*** Block opens ***

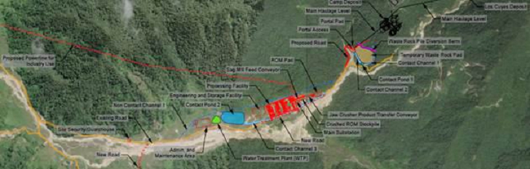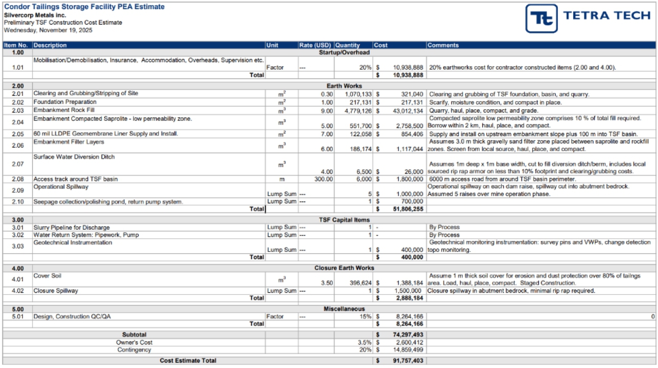 Geotechnical investigation and assessment. The scope of this work will involve characterization of the TSF embankment foundations, basin, and potential borrow areas. Assessment will involve materials characterization, preliminary geological model development, and preliminary stability and seepage modelling for the TSF. US$100k.
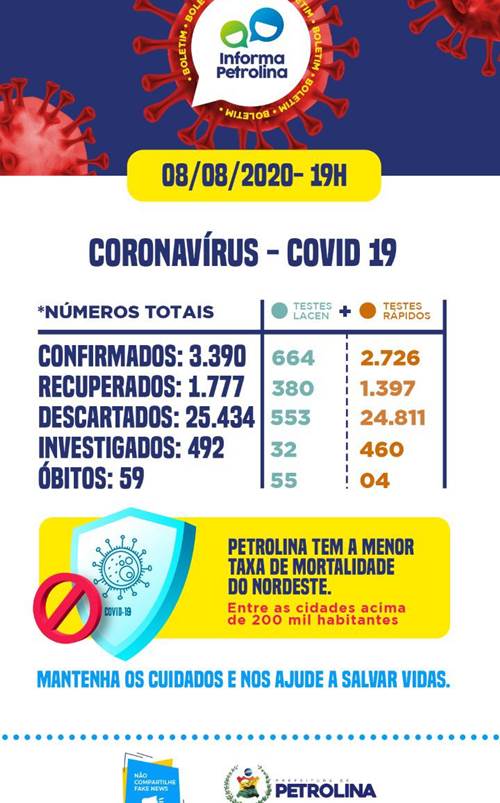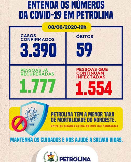 A boa notícia é que, além de mais 30 curas clínicas, pelo segundo dia consecutivo Petrolina não registrou nenhuma morte pela Covid-19, continuando com 59 óbitos. Até o momento são 1.777 recuperados, representando 52,4% do total de casos confirmados
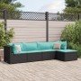 Set muebles de jardín 4 piezas y cojines ratán sintético marrón
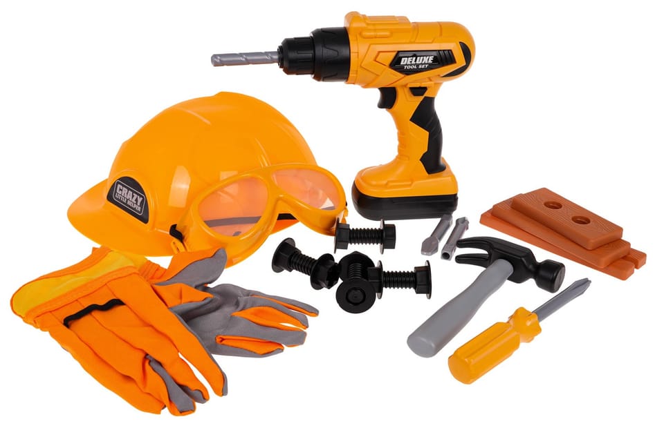 | - kask,- rękawiczki,- śrubokręt,- młotek,- okulary ochronne,- 3 x drewienka do wkręcania,- 4 x nakładka,- 4 x śrubka,- wiertarko-wiertarka,- wymienne bity: płaski i krzyżakowy, wiertło. |
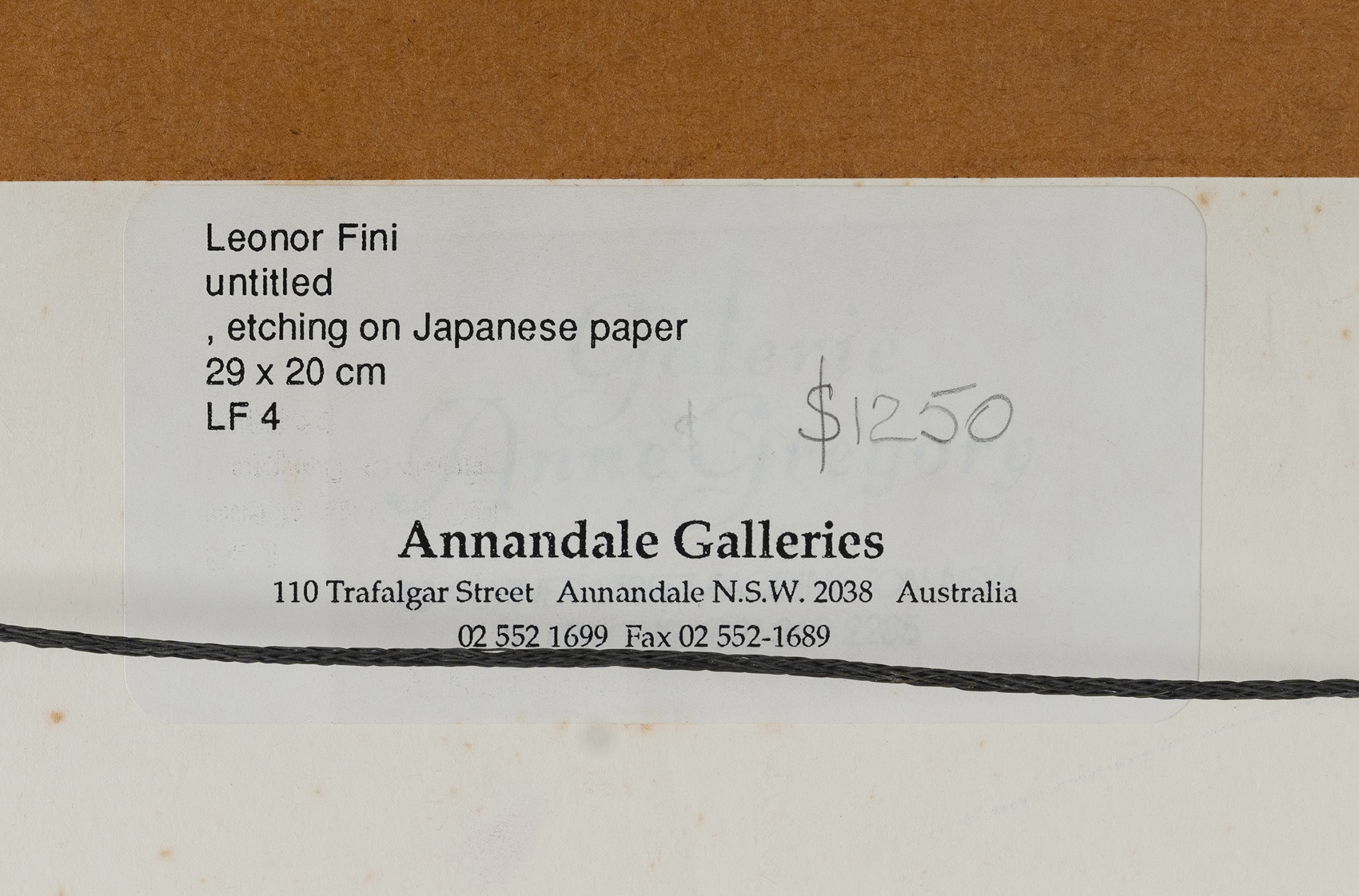FINI, Leonor (Argentinian 1907-1996) 'Untitled' Annandale Galleries, Sydney, label verso. Etching 36/55 29x20cm (plate) 62x52cm (frame)Estimate $100-200

*** Block closes ***

### Task to carry out:
Exactly as written, repeat the lines from the beginning of the entries up to and including the line with "krzyżakowy, wiertło. |", but not the pictures.

### The answer:
 Geotechnical investigation and assessment. The scope of this work will involve characterization of the TSF embankment foundations, basin, and potential borrow areas. Assessment will involve materials characterization, preliminary geological model development, and preliminary stability and seepage modelling for the TSF. US$100k.
 A boa notícia é que, além de mais 30 curas clínicas, pelo segundo dia consecutivo Petrolina não registrou nenhuma morte pela Covid-19, continuando com 59 óbitos. Até o momento são 1.777 recuperados, representando 52,4% do total de casos confirmados
 Set muebles de jardín 4 piezas y cojines ratán sintético marrón
 | - kask,- rękawiczki,- śrubokręt,- młotek,- okulary ochronne,- 3 x drewienka do wkręcania,- 4 x nakładka,- 4 x śrubka,- wiertarko-wiertarka,- wymienne bity: płaski i krzyżakowy, wiertło. |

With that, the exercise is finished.